There are three explanations for this in my opinion:

A) uncertainty the deal is NOT going to happen
B) what will the remaining company (“stub”) be worth ?
C) the effect of the withholding tax on the special dividend

In my opinion, the withholding tax is not very relevant. If I buy now at 19,15 and I pay the withholding tax next year, I can make a “wash sale” (sell at a loss and buy again) to set off the tax. For institutional investors this is no issue anyway.

I am also pretty sure that the likelihood of the deal happening is very high. After the fiasco two years ago, Fresenius and RHoen will have put a lot of effort into this deal. So I would think that there is at least a 90% probability that the deal is happening.

This leaves us with c): People don’t seem to like being stuck with the “stub”. If we look into the Rhoen 6 month report, we can see that on an annual basis, Rhoen earns around 300-310 mn EUR EBITDA. The part which was sold to Fresenius is clearly the currently more profitable part with EBITDA of 250 mn EUR according to the filing.

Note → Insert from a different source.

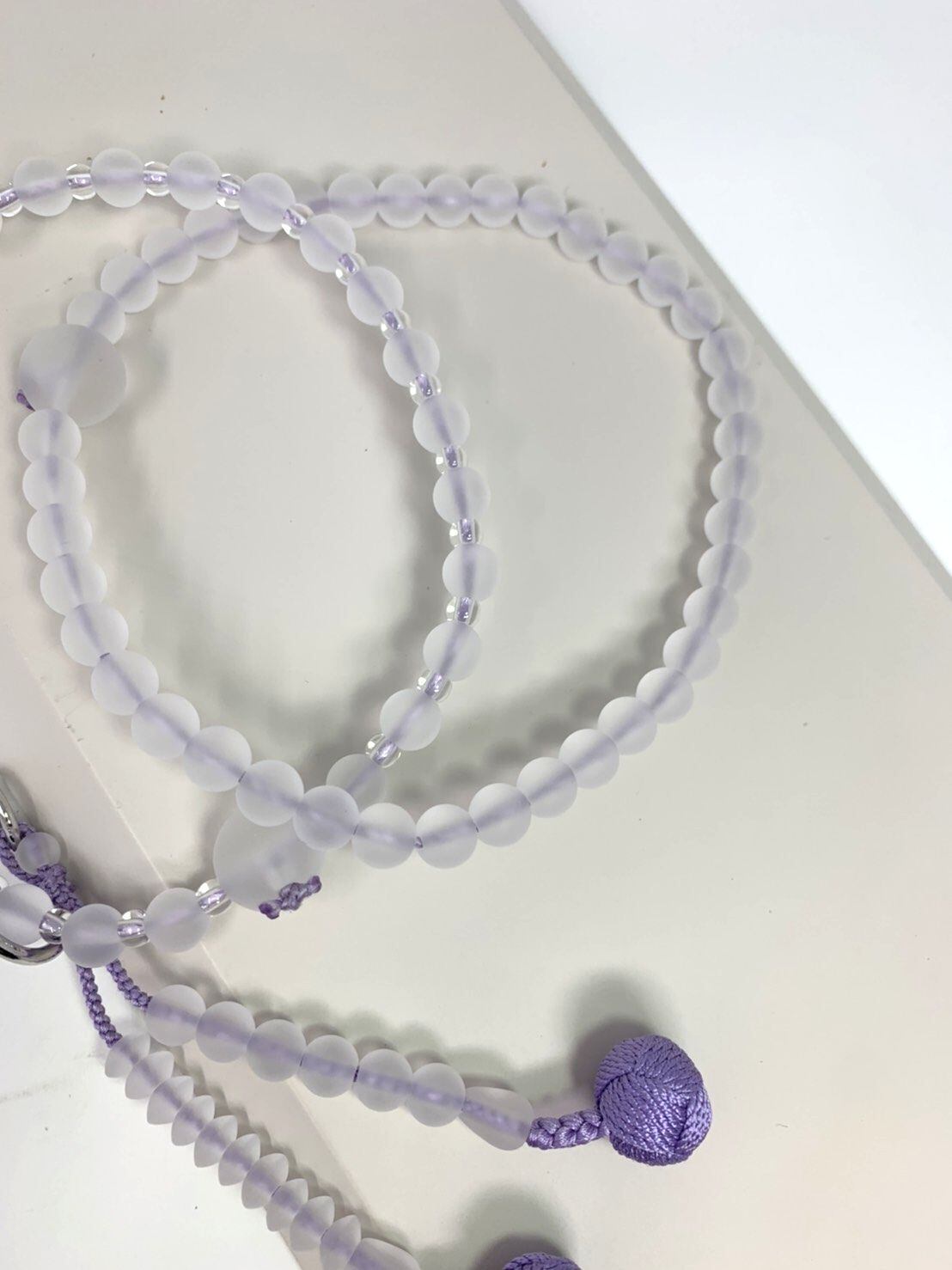 艶消し加工をした水晶で仕立てたお数珠です。藤色の通し糸が艶消し加工をした水晶からほんのり見え、上品な雰囲気の仕上がりになっています。房は藤色の正絹糸で編み込んだ梵天でほどけにくくなっています。
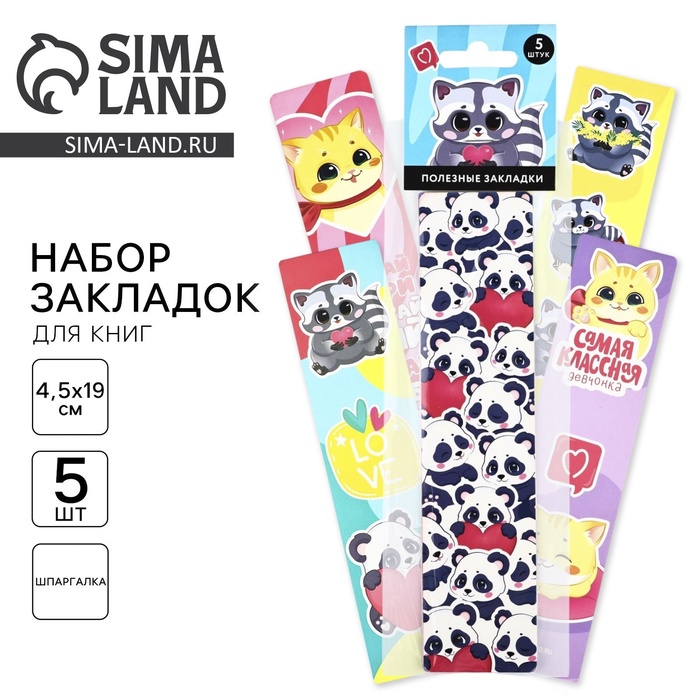 Картонные закладки 5 штук в наборе "Енотик"

This leaves the stub with EBITDA of around 50 mn EUR. The “implied” valuation of the stub is around 340 mn EUR EV at the moment, so we are talking about an implied valuation of 6-7x EV/EBITDA which is not much. Rhoen announced that they intend to earn 150 mn EUR EBITDA in 2015 in the remaining company. Even if this is too optimistic, I still think the “stub” is implicitly very attractive as RHoen has a very long history in turning around hospitals.

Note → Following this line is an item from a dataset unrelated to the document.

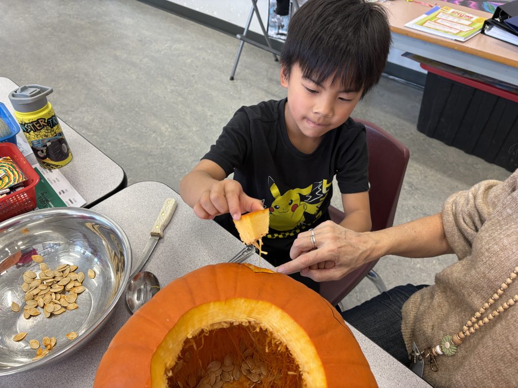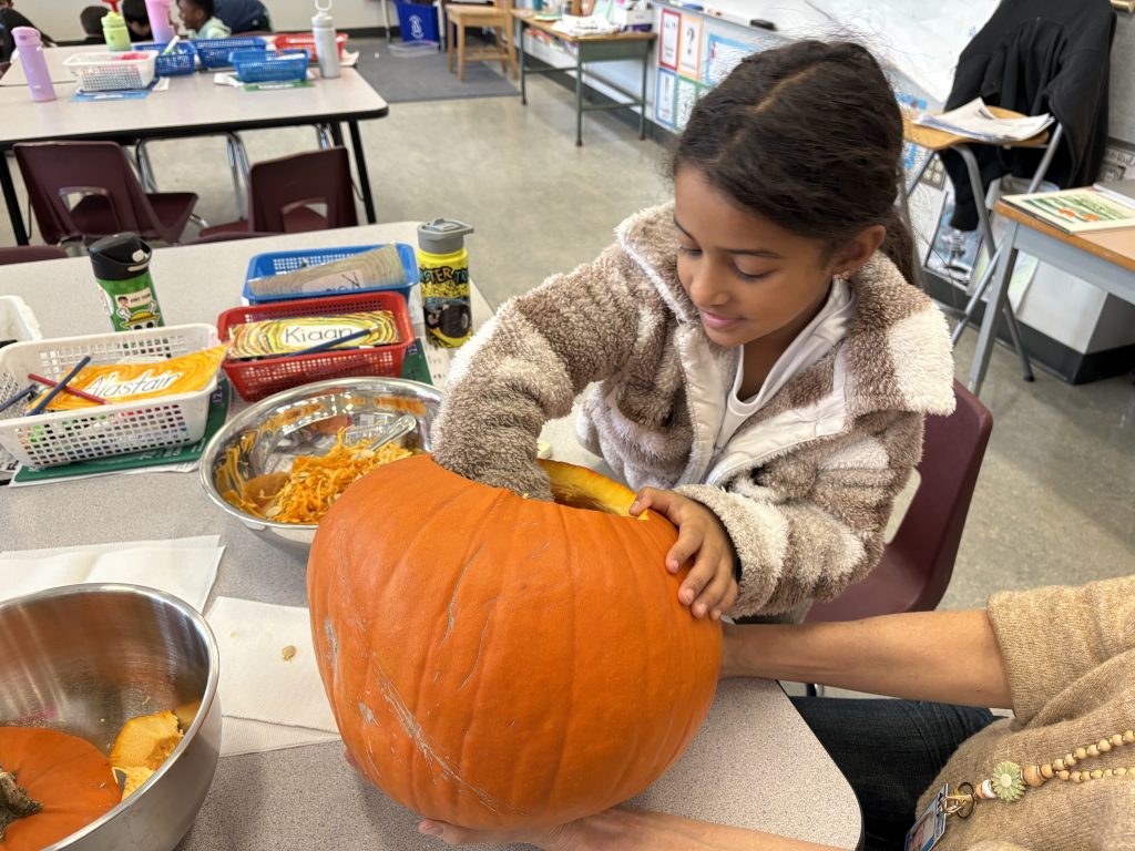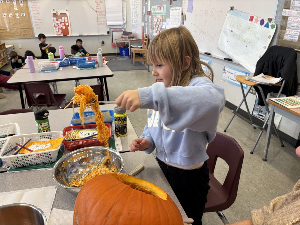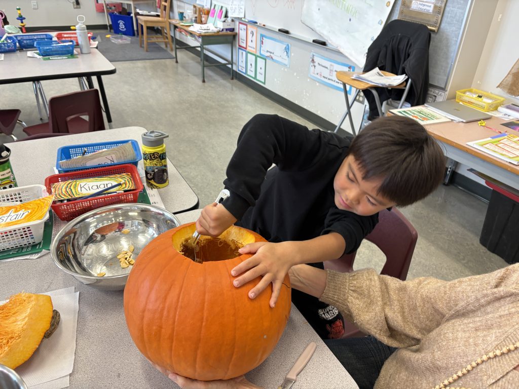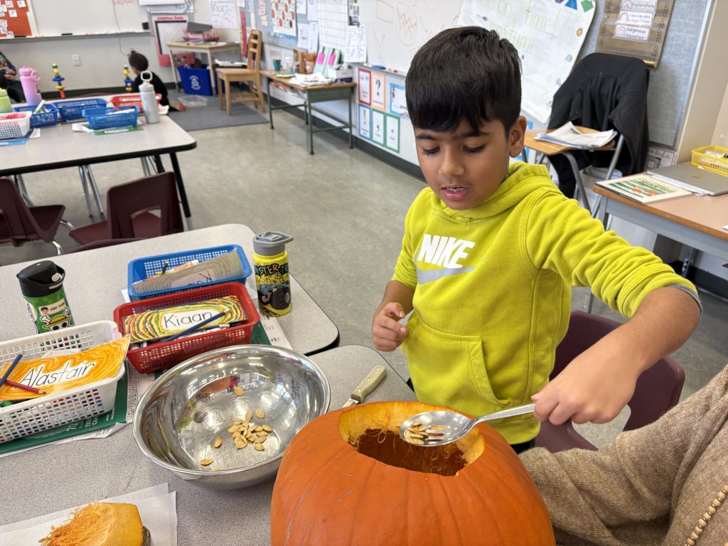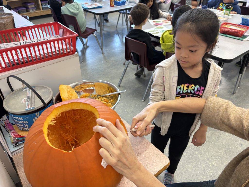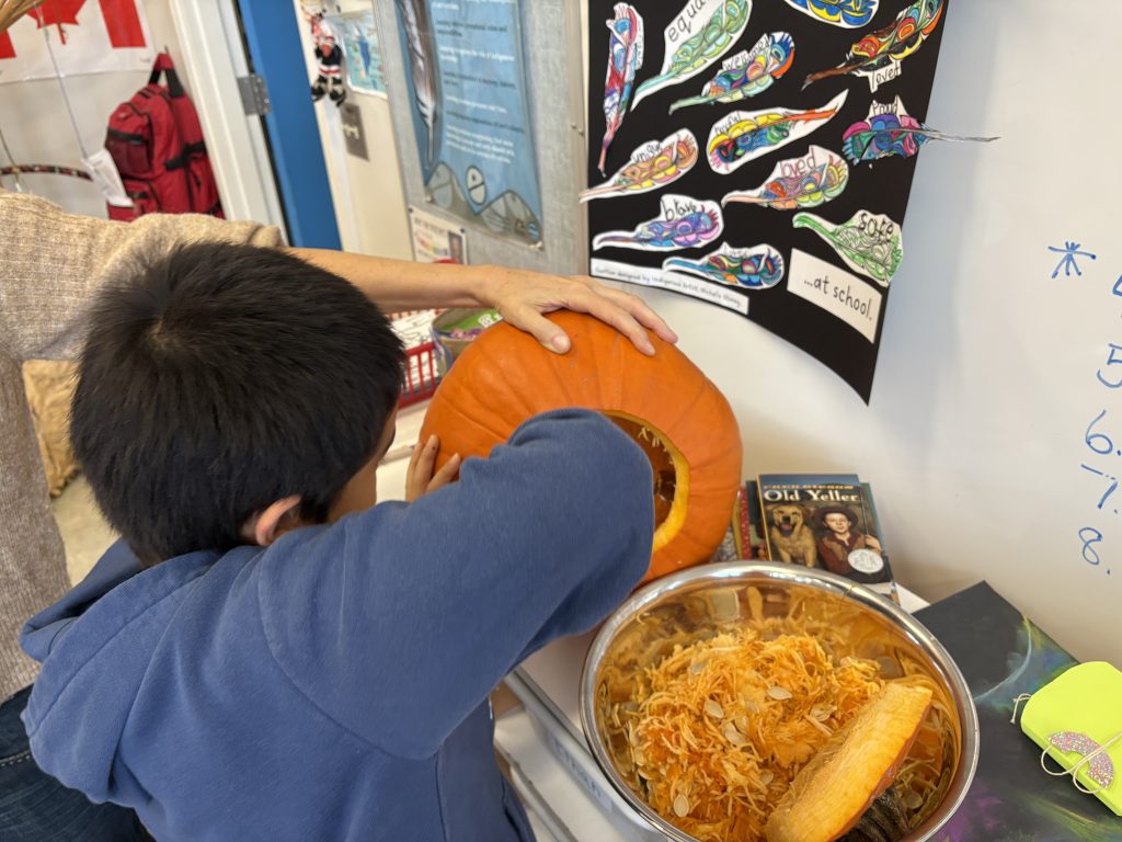 This week, Division 13 brainstormed ideas on how to carve our pumpkin and then voted for our favourite shapes. All of the students helped to carve a part of the pumpkin’s face and then worked to clean out the inside. They did a great job! It was a first time seeing inside a pumpkin for some students! We also got to enjoy the roasted pumpkin seeds during our Halloween movie afternoon. At the end of the day, we did a draw and Jane was the lucky recipient of our group pumpkin. Happy Halloween! We hope you all had a fantastic night of trick-or-treating!

So all in all, at the current price, the stub looks like a very interesting investment.. The only problem is that I need to invest the full 19 EUR now in order to get expsure to the 5,20 EUR implied valuation of the stub.

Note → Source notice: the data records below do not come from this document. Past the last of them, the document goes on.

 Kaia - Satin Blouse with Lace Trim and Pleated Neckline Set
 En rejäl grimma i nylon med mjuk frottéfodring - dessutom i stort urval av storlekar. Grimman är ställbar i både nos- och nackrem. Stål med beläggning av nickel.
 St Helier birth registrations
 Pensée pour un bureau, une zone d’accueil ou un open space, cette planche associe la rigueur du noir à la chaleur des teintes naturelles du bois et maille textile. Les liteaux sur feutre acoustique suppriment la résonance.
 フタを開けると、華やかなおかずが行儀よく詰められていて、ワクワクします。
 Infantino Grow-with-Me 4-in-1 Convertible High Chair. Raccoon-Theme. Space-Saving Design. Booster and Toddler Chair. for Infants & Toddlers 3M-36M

In theory, as a professional investor, I could borrow up to 13,80 EUR against the Rhoen shares to lower the amuont of capital I need to commit and increase my Return on Investment. At the moment, as I have a lot of cash anyway, I do not need to borrow.

Expectation management:

Just to make sure, I do not expect that the shares will jump 5 or 6 Euros until the dividend will be paid. One has to think about the stock rather as a 13,80 cash deposit plus a 5,30 EUR stock. There will be very poor “visibility” about the stub in the next few months until the deal is finally settled. So I do expect some price appreciation on the “deposit part” but not that much, rather like an implicit attractive deposit rate as off set for the execution risk or so. My return expectation until mid next year is rather something like +1 EUR with a very limited downside.

Qualitative aspect

What I do like is the fact, that funder, Mastermind and 12% shareholder Eugen Münch has to a large extent the same interests as the “Normal” shareholders. This is different from similar situations where the CEO just wants to get a big golden handshake. I think the adversaries (Braun and especially Asklepios) might even be tempted to take over the “stub” at some point in time before someone else thinks about buying this (then unlevered) turn around case.

Summary:

So instead of waiting and selling, which was my first reaction, I will actually increase my RHoen position to a full position (5%) as I think that the current risk/return relation is not spectacular but still very good and not correlated much to the overall market.

This translates into around 3.6% exposure on a portfolio basis to the cash payament (Risky deposit) and only 1.4% “true” equity exposure to the stub. I will watch this carefully and potentially increase the position up to 2.5% “stub exposure” if prices gow below 19 EUR. For me the “stub” is one of the most interesting special situations at the moment.